Kann mir das vielleicht einer erklären ? ... wichtig ist, das es nur dies eine Objekt der Klasse geben darf !

Danke schon mal im vorraus ...

Michael


----------



## mariopetr (8. Okt 2003)

nein, das ist nicht moeglich. was zum beispiel moeglich waere ist, dein object mit new Thread(Runable runable) mehrmals zu starten


----------



## Stefan1200 (8. Okt 2003)

Mir sind ähnliche Phänomene aufgefallen, wenn ich ein Thread nur einmal instanziere (als Klasseninstanz) und diesen Thread starte, klappt alles. Auch stop() und interrupt() klappte super. Wollte ich danach aber diesen Thread ein zweites mal starten, passierte gar nichts!

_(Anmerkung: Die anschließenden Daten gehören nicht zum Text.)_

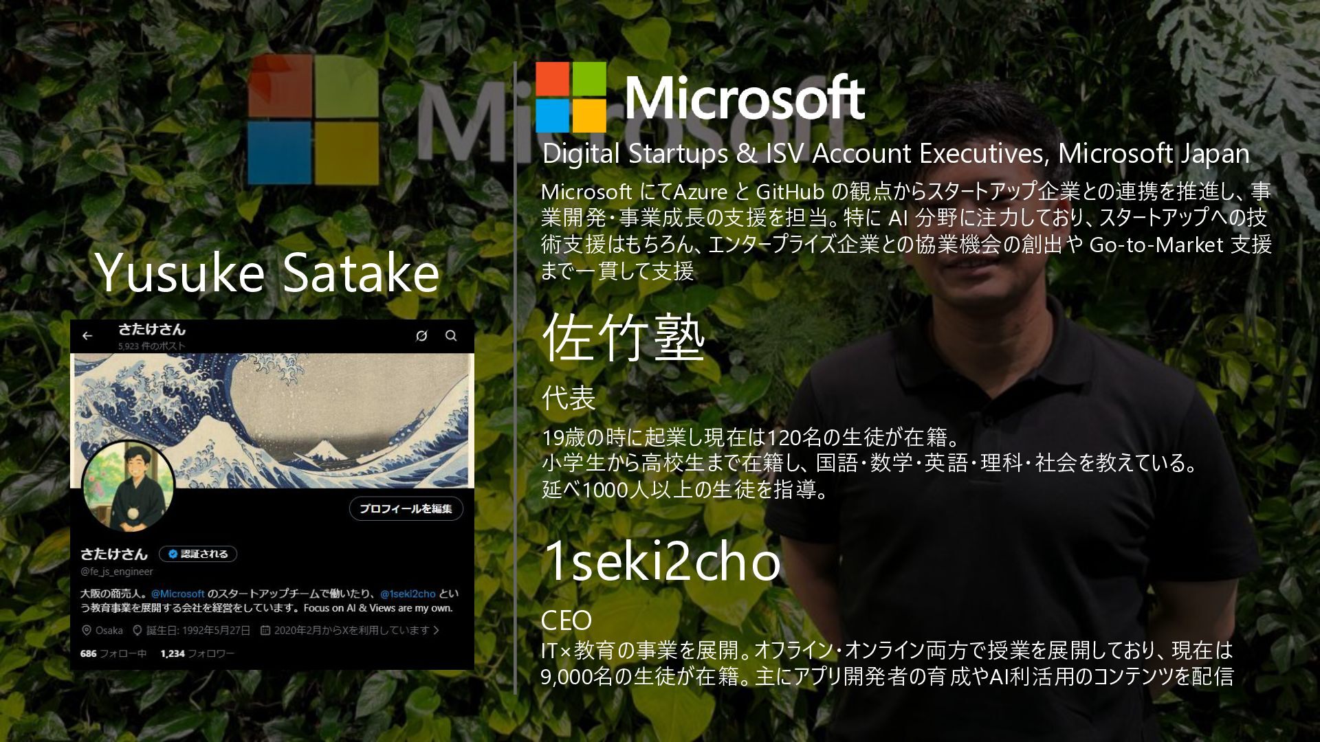 Microsoft にてAzure と GitHub の観点からスタートアップ企業との連携を推進し、事 業開発・事業成長の支援を担当。特に AI 分野に注力しており、スタートアップへの技 術支援はもちろん、エンタープライズ企業との協業機会の創出や Go-to-Market 支援 まで一貫して支援 代表 19歳の時に起業し現在は120名の生徒が在籍。 小学生から高校生まで在籍し、国語・数学・英語・理科・社会を教えている。 延べ1000人以上の生徒を指導。 佐竹塾 CEO IT×教育の事業を展開。オフライン・オンライン両方で授業を展開しており、現在は 9,000名の生徒が在籍。主にアプリ開発者の育成やAI利活用のコンテンツを配信 1seki2cho
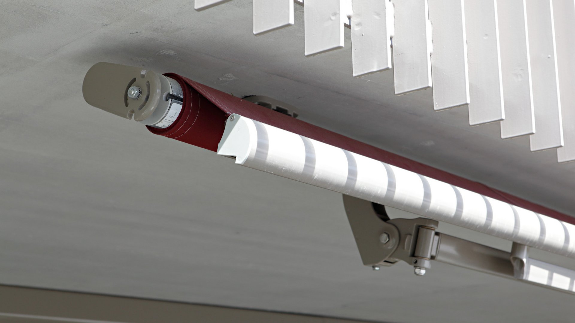 La marquise normalisée ouverte se fixe grâce à la console robuste. Celle-ci peut être fixée frontalement (montage en façade) ou tournée de 90° pour être installée au plafond. Les dimensions extérieures de la marquise normalisée varient en fonction du type de montage. Lorsqu’elle est fermée, la marquise normalisée affiche une profondeur d’environ 285 mm et une hauteur de 250 mm dans le cas de la variante du montage en façade. Si elle est montée au plafond, la profondeur est d’environ 320 mm et la hauteur atteint 270 mm. Les dimensions indiquées s’appliquent à la variante à actionnement motorisé.
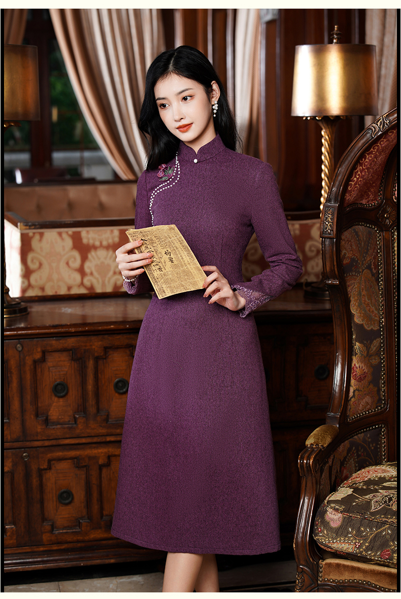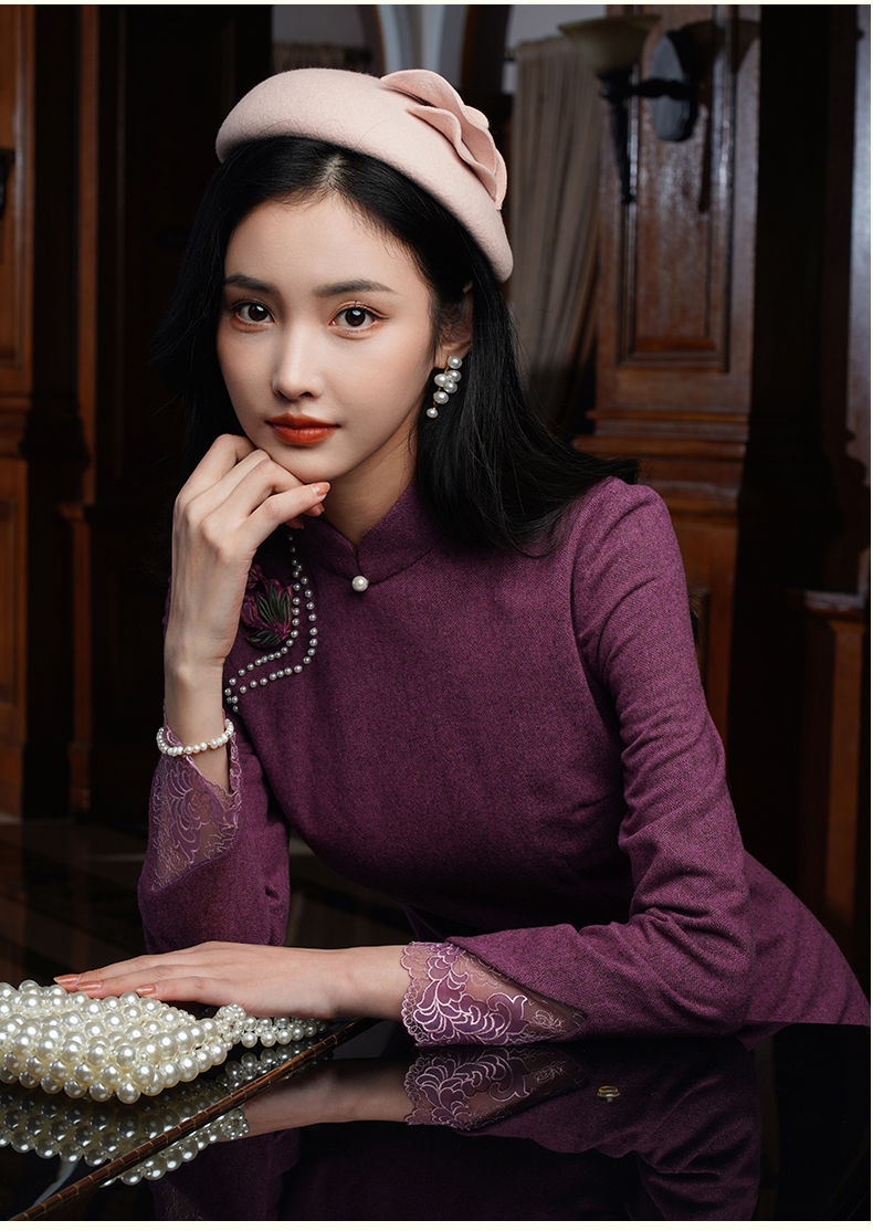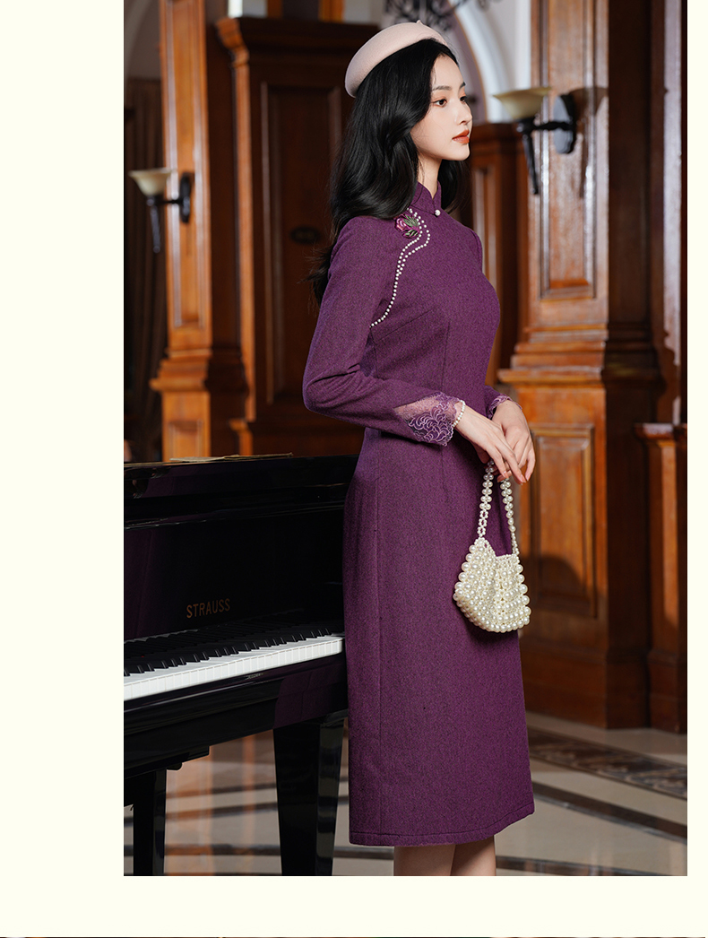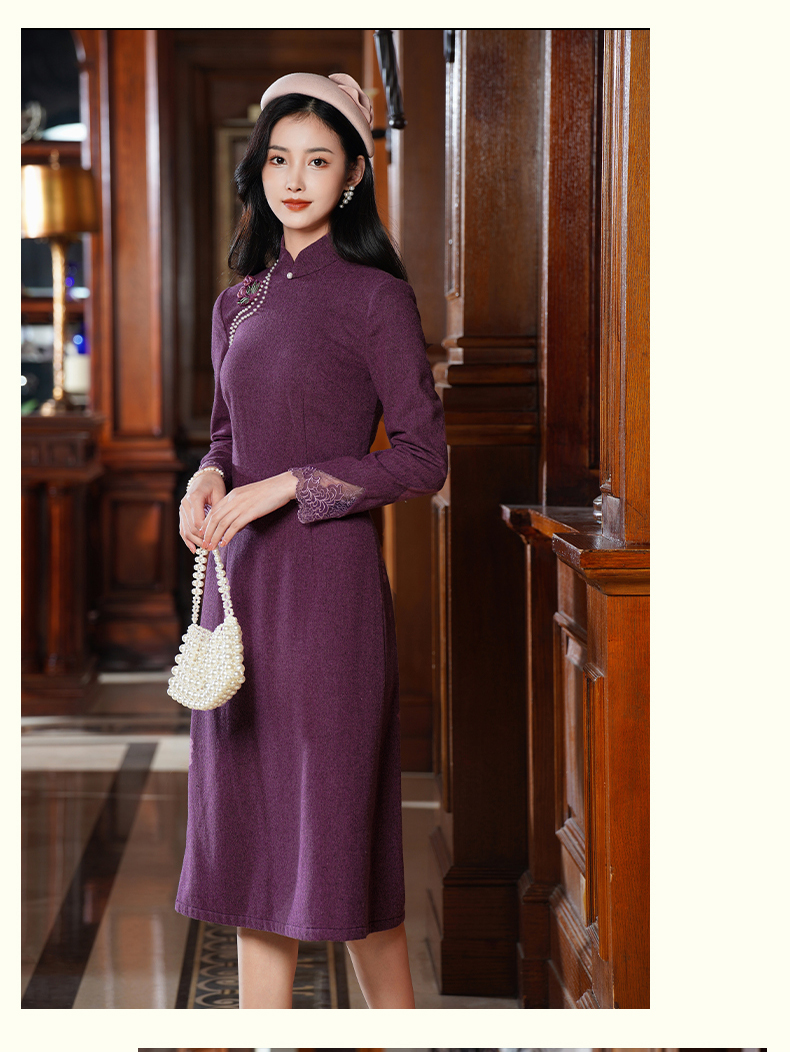 逸红颜郁馨2025冬款高端修身日常旗袍改良旗袍针织呢

Das einzige, was funktioniert hat, wenn ich den Thread neu instanziere, dann klappt es.
Also Thread neuerThread; als Klasseninstanz, und beim Starten vorher erst
neuerThread = new Thread(this);
gemacht.

Ob du das gebrauchen kannst, weiss ich nicht. Teste einfach mal.


----------



## jptc.org (8. Okt 2003)

works as designed - laut Java spec. kann eine Threadinstanz immer nur einmal gestartet werden  :!: Lösung zu dem Problem wurden ja schon oben erklärt.

Karsten Voigt
http://www.java-performance-portal.org


----------